Heirloom fruits and vegetables are therefore an obvious component in my garden. So too, are heritage farm animals, which brings us to the elusive and extraordinary Red Wattle Hog or Pig, depending. And really, just what is the difference between a hog and a pig? Just like heirloom plants, heritage animals must be consumed in order to continue on.
If there is no added benefit in the form of taste, better flavor, hardiness, regional adaptability, or an incredibly unique finished product, they will not survive our industrialized world. And if you have read this far, please check out this post a story regarding Adam and Eve, two 8 week old Red Wattles that traveled from Kansas to live in the Napa Valley. Especially thought provoking, are the comments in this link, there are excellent rhetorical questions posed and insights revealed.
Luckily, the Red Wattle population is increasing and most Red Wattle farmers are passionate about their cause. Although touted as a trendy foodie item for several years (yet again, another Adam and Eve reference), I hope that more people have the opportunity to taste heritage meat and learn about these animals with an eye towards preservation, animal welfare and excellent flavor. To know that meat raised the way it is supposed to be raised has better flavor and that more small farmers are supported in doing so, is a win, win situation for all local communities.
Raising Red Wattle Hogs is an honor. We have Yorkshire/Landrace/Hampshire cross gilts alongside the Red Wattles and the Red Wattles appear to be more primitive and old-fashioned. They are larger, grow faster, forage better, hold up to the weather and thrive in the woodlot and pasture. The Red Wattles have been referred to as dinosaurs and, I’ll admit, they do have a primordial look to them. When surprised or scared, they bark like a dog and hop around in circles, it’s a sound from the past, eerily prehistoric and oddly appropriate for their looks.
Where did they come from? I wonder if they are a genetic remnant from our ancient past, a treasure that has been rediscovered and/or a delicious unsolvable mystery. Regardless, we are lucky to have them.
And by the way, what ever happened to the cute little piglets named Adam and Eve that got to go live in the Napa Valley?

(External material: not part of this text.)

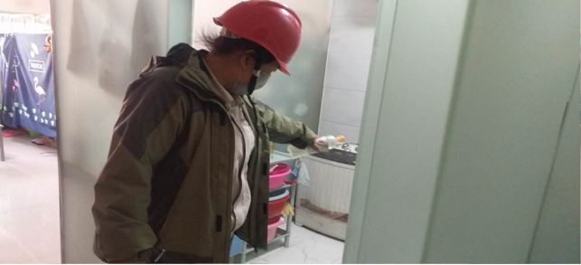 擦拭操作臺(tái)、門把手,工作的有條不紊。

So, with fingers crossed while knocking on wood (ow!), If all goes well, we should have our own farm raised Red Wattle piglets in about 4 months! If you are interested in a piglet of your own to raise, or a whole or half, please contact us at pjmatthews7750@gmail.com
Hey Pinkguitarfarm. Good luck with those pigs. I admire how you have mastered the eat what you have raised quandry. I struggle with it daily when I collect eggs and you have moved onto Pigs! Happy New Year and Cheers my friend~
It sure is a quandary. We struggle with it daily too. Happy New Year to you and your wonderful family, and hey, come visit us in 2011? We would love to have y’all. We miss you!

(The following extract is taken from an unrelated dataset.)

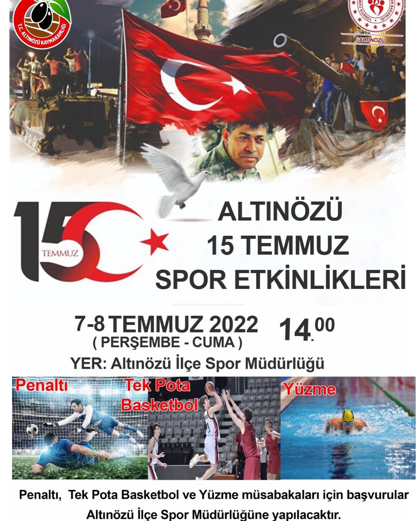 15 Temmuz Demokrasi ve Milli Birlik Günü kapsamında Altınözü ilçesinde çeşitli alanlarda sportif yarışmalar düzenlenecek. Altınözü İlçe Gençlik ve Spor Hizmetleri Müdürlüğü’nde yüzme, tek pota basketbol ve penaltı dallarında gerçekleştirilecek olan yarışmalar 7-8 Temmuz tarihleri arasında yapılacak. Altınözü İlçe Gençlik ve Spor Hizmetleri Müdür Ahmet Zümre, konuyla ilgili yaptığı açıklamada “Ödüllü yarışmalarımıza 7’den 70’e herkes katılabilir. Yarışmalarımıza tüm halkımız davetlidir. Ödüller 15 Temmuz gecesi tören alanında verilecektir” ifadesini kullandı. Müdür Zümre, yüzme, tek pota basketbol ve penaltı yarışmaları için başvuruların Altınözü İlçe Gençlik ve Spor Hizmetleri Müdürlüğü’nde alınacağını da sözlerine ekledi.

Chickens are the most direct link to dinosaurs! see this from Wikipedia:
Feathers and the origin of birds
Main article: Origin of birds
The possibility that dinosaurs were the ancestors of birds was first suggested in 1868 by Thomas Henry Huxley.[98] After the work of Gerhard Heilmann in the early 20th century, the theory of birds as dinosaur descendants was abandoned in favor of the idea of their being descendants of generalized thecodonts, with the key piece of evidence being the supposed lack of clavicles in dinosaurs.[99] However, as later discoveries showed, clavicles (or a single fused wishbone, which derived from separate clavicles) were not actually absent;[14] they had been found as early as 1924 in Oviraptor, but misidentified as an interclavicle.[100] In the 1970s, John Ostrom revived the dinosaur–bird theory,[101] which gained momentum in the coming decades with the advent of cladistic analysis,[102] and a great increase in the discovery of small theropods and early birds.[21] Of particular note have been the fossils of the Yixian Formation, where a variety of theropods and early birds have been found, often with feathers of some type.[14] Birds share over a hundred distinct anatomical features with theropod dinosaurs, which are now generally accepted to have been their closest ancient relatives.[103] They are most closely allied with maniraptoran coelurosaurs.[14] A minority of scientists, most notably Alan Feduccia and Larry Martin, have proposed other evolutionary paths, including revised versions of Heilmann’s basal archosaur proposal,[104] or that maniraptoran theropods are the ancestors of birds but themselves are not dinosaurs, only convergent with dinosaurs.[105]
Hey Kathy! Maniraptoran theropods, oh, yeah – I can see it!